9. f(x) = (1+x)^0.3/1+x^0.3 in the interval [0,1] is attained at x equal to: A. 1 B. 2^0.7 C. 2^-0.7 D. 0 Ans. A Please give explanation???

1 Answer
Jun 11, 2018

The minimum of this function on #[0,1]# is #f(1)=\frac{2^0.3}{2}# , using the Closed Interval Method.

Explanation:

The question doesn't seem complete, but I imagine you are looking for extrema of the function #f(x) = (1+x)^0.3/(1+x^0.3)# on #[0,1]#, specifically, where the absolute minimum is reached. We know (Closed Interval Method ) that these may occur at the end points, or at critical values inside the interval #(0,1)#.
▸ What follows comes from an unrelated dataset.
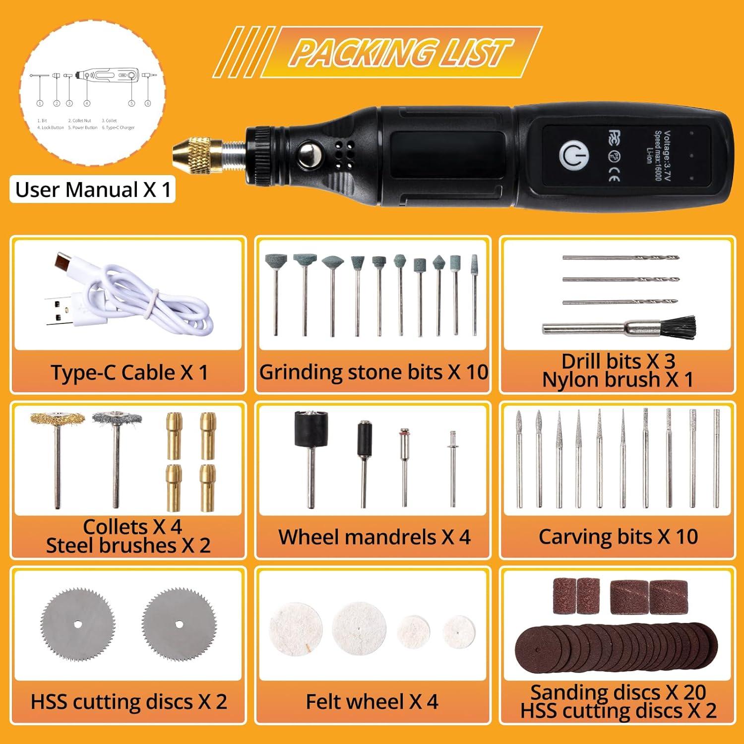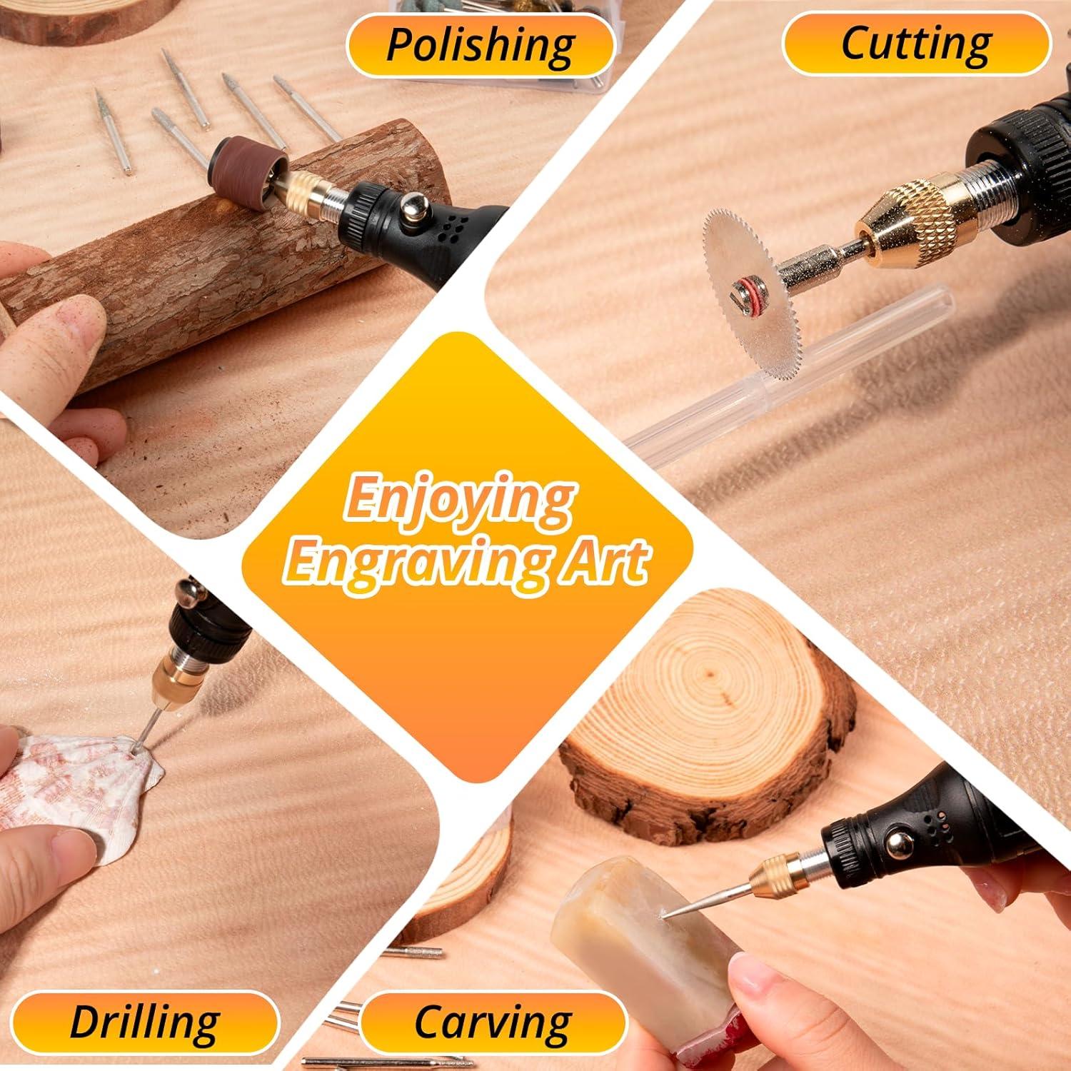 【Precision Engraving & All in One】: Our engraving pen kit has 64 accessories, including 10 grinding stone bits, 10 carving bits, 4 collets, 1 nylon brush, 2 steel brushes, 4 wheel mandrels, 4 felt wheels, 20 sanding discs, 4 sanding bands, 2 HSS cutting discs, and 3 drill bits, which integrate cleaning, grinding, engraving, cutting, etching, drilling, and polishing to allow you complete various creative needs and achieve a one-stop solution easily

Since #f'(x)=\frac{0.3(1+x)^{-0.7}(1+x^0.3)-0.3x^(-0.7)(1+x)^0.3}{(1+x^0.3)^2}#
using the Quotient Rule , we see that #f'(x)=0# if #(1+x)^{-0.7}(1+x^0.3)-x^(-0.7)(1+x)^0.3=\frac{1+x^0.3}{(1+x)^0.7}-\frac{(1+x)^0.3}{x^0.7}=0#, that is, if
#x^0.7(1+x^0.3)-(1+x)^0.7(1+x)^0.3=0#, equivalently, if
#x^0.7+x-(1+x)=0#, that is, if
#x^0.7=1#, equivalently, #x=1#.

In other words, there is no critical point in #(0,1)# and extrema can only occur at 0 and 1. Moreover, #f(0)=1# and #f(1)=\frac{2^0.3}{2}\approx 0.6#.